1. ## Equation of a tangent

Hi everyone. I am having trouble with this question.

The tangent to a circle is prependicular to the radius at the point of contact.

Use this fact to show that the tangent to x^2 + y^2 = r^2 at the point (a,b)

has equation ax+by = r^2

Thanks

btw: can someone please tell me how to enter superscripts so i don't have to use the ^ sign. Thank you

2. Hello deltaxray
Originally Posted by deltaxray
Hi everyone. I am having trouble with this question.
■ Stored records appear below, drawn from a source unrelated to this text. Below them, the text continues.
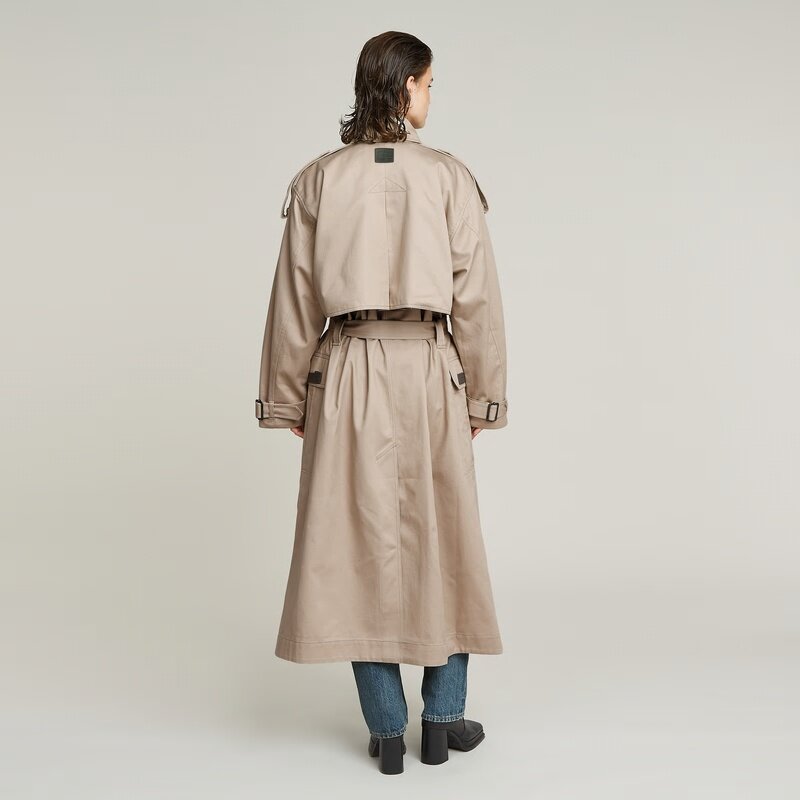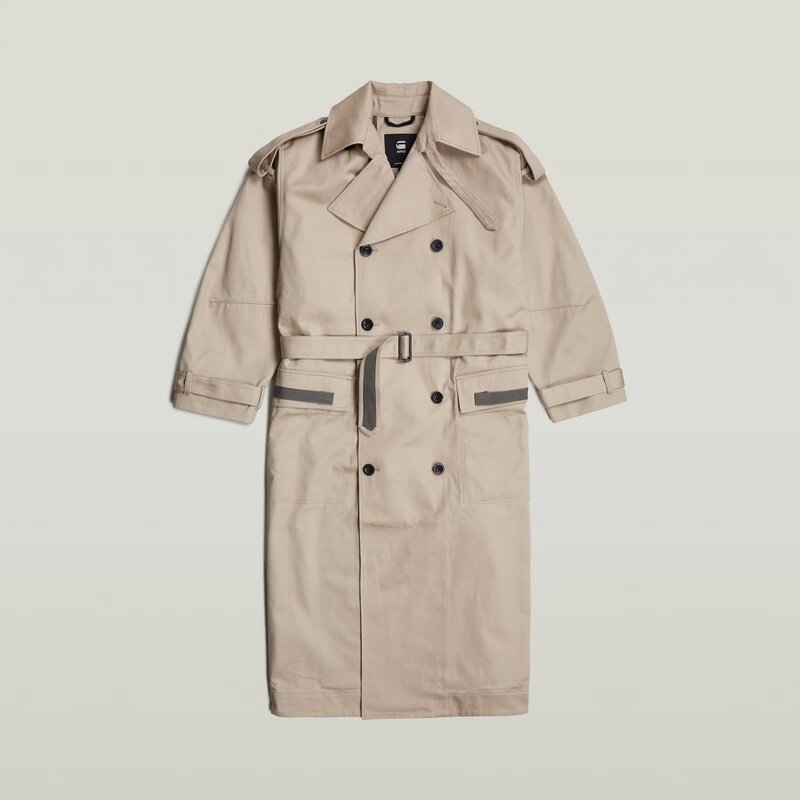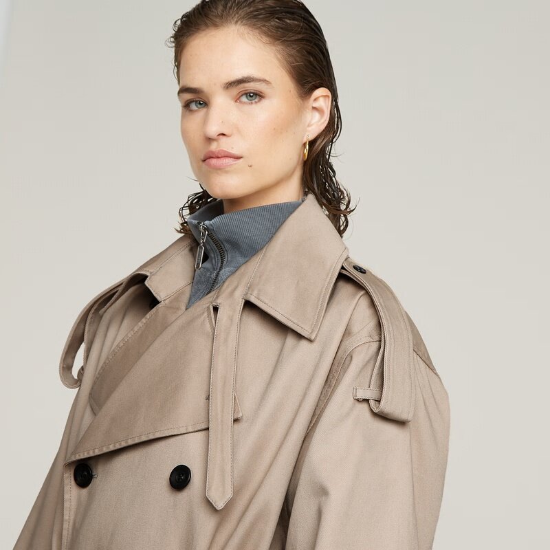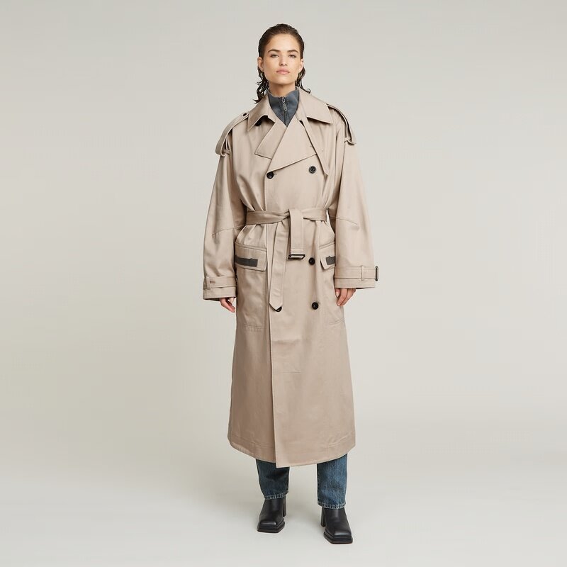 Trench coat Macro Balloon is oversized on every level. The epaulets at the shoulders are cut extra wide, just as the adjustable straps at the cuffs. The storm shield is lengthened, as is the slit at the back. Wide lapels and the double breasted closure add authenticity.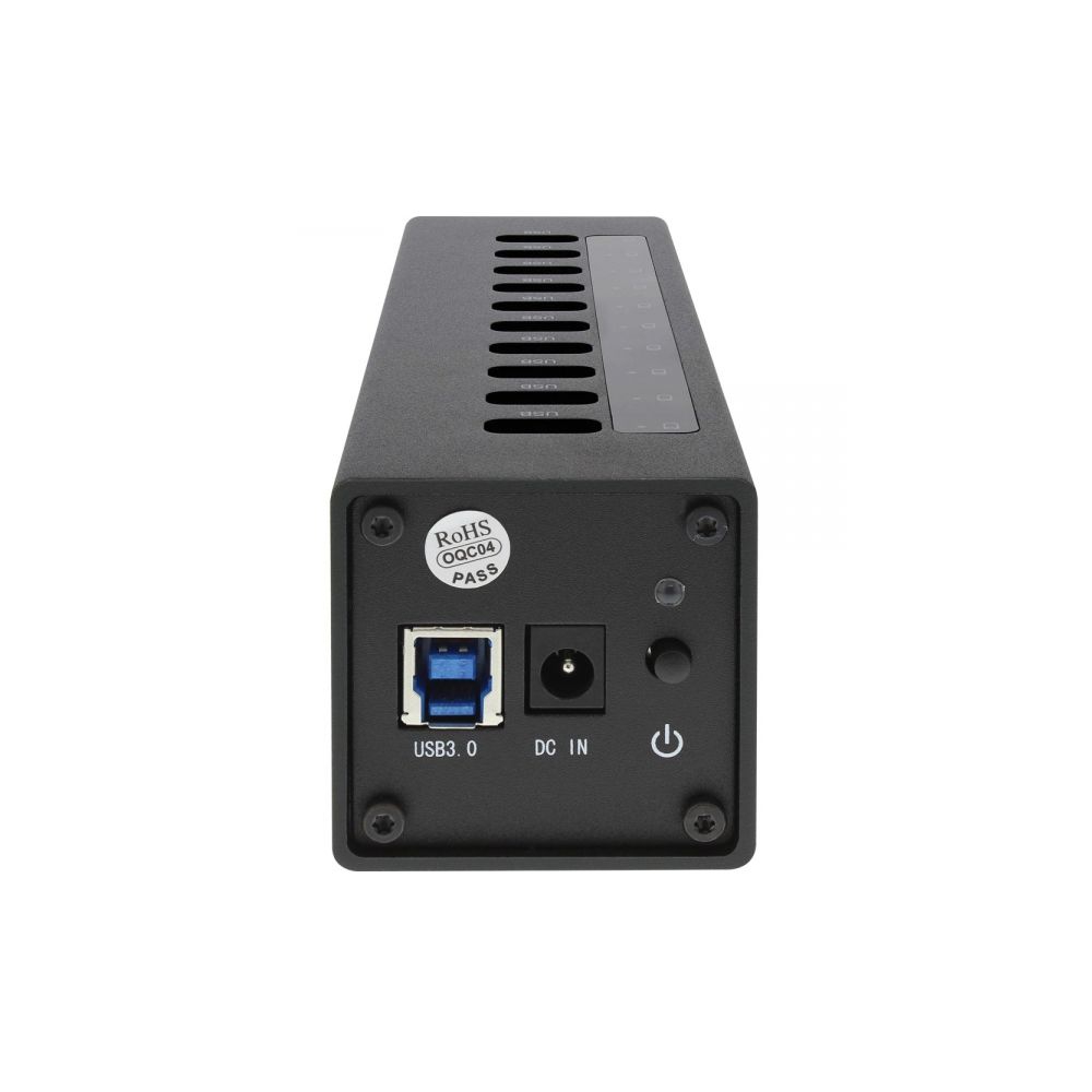 10 Port USB 3.0 HUB im Metall-Gehäuse (ALU), 10x A-Buchse + 1x B-Buchse, inkl. USB 3.0 Kabel und ext. Netzteil 4A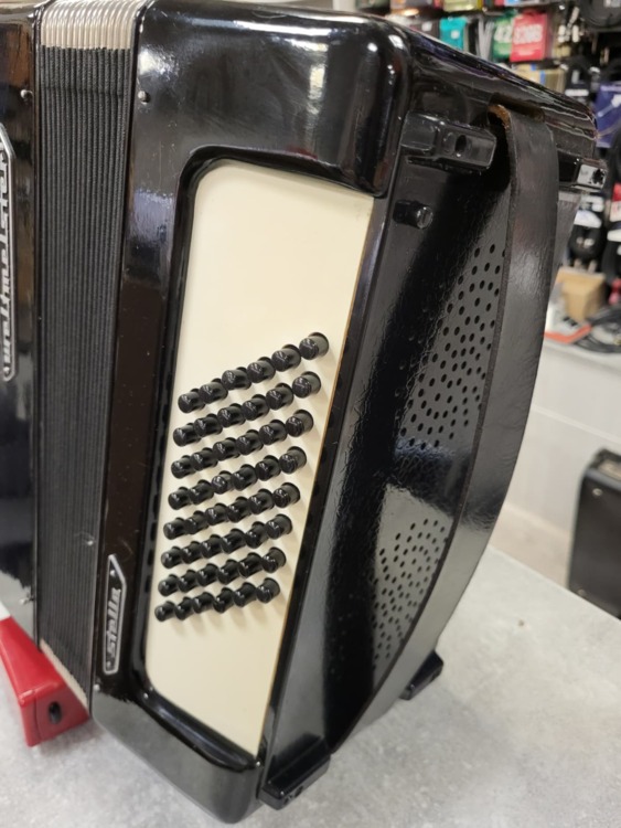 Akordeon sprawdzony przez pracownika sklepu muzycznego (akordeonista) – zawory i głosy czyste.

The tangent to a circle is prependicular to the radius at the point of contact.

Use this fact to show that the tangent to x^2 + y^2 = r^2 at the point (a,b)

has equation ax+by = r^2

Thanks

btw: can someone please tell me how to enter superscripts so i don't have to use the ^ sign. Thank you
First how to avoid the use of ^ for superscripts.
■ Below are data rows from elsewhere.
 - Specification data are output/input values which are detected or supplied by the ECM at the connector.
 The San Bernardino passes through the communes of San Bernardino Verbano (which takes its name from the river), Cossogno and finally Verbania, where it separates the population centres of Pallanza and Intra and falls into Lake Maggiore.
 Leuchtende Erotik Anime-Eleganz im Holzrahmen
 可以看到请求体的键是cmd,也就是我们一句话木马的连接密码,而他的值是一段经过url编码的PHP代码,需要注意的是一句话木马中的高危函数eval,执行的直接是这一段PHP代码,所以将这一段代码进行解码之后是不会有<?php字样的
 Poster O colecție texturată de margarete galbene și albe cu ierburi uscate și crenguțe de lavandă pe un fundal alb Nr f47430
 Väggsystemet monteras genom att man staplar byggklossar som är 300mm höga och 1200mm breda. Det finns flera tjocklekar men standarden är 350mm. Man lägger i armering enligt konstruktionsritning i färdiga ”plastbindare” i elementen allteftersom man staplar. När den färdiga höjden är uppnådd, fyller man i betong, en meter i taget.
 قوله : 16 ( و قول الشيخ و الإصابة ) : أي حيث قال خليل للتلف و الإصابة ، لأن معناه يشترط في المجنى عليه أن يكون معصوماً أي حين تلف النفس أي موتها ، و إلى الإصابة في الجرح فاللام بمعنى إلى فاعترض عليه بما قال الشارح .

• Take the expression you wrote: x^2 + y^2 = r^2

• Select it with the mouse (or <Shift>+<cursor keys>)

• Press the $\displaystyle \Sigma$ button on the toolbar - this will wrap it round with $$and$$ tags.

• Check the result using the 'Preview Post' button: $\displaystyle x^2 + y^2 = r^2$.

The scripting language that does this is called LaTeX. There's lots of help on this forum for it. If you want to see any of the LaTeX code on what I've written below, just click it with the mouse.

Then:

The origin is the centre of the circle $\displaystyle x^2 + y^2 = r^2$. So the gradient of the radius passing through $\displaystyle (a,b)$ is $\displaystyle \frac{\text{increase in }y}{\text{increase in }x}=\frac{b}{a}$.

The tangent is perpendicular to this line; so its gradient is $\displaystyle -\frac{a}{b}$.

So the equation of the tangent is:

$\displaystyle y-b=-\frac{a}{b}\Big(x-a\Big)$

i.e. $\displaystyle by-b^2=-ax+a^2$

or $\displaystyle ax+by = a^2+b^2$
$\displaystyle =r^2$, since $\displaystyle (a,b)$ is a point on the circle $\displaystyle x^2+y^2=r^2$.

$\displaystyle x^2$ i got it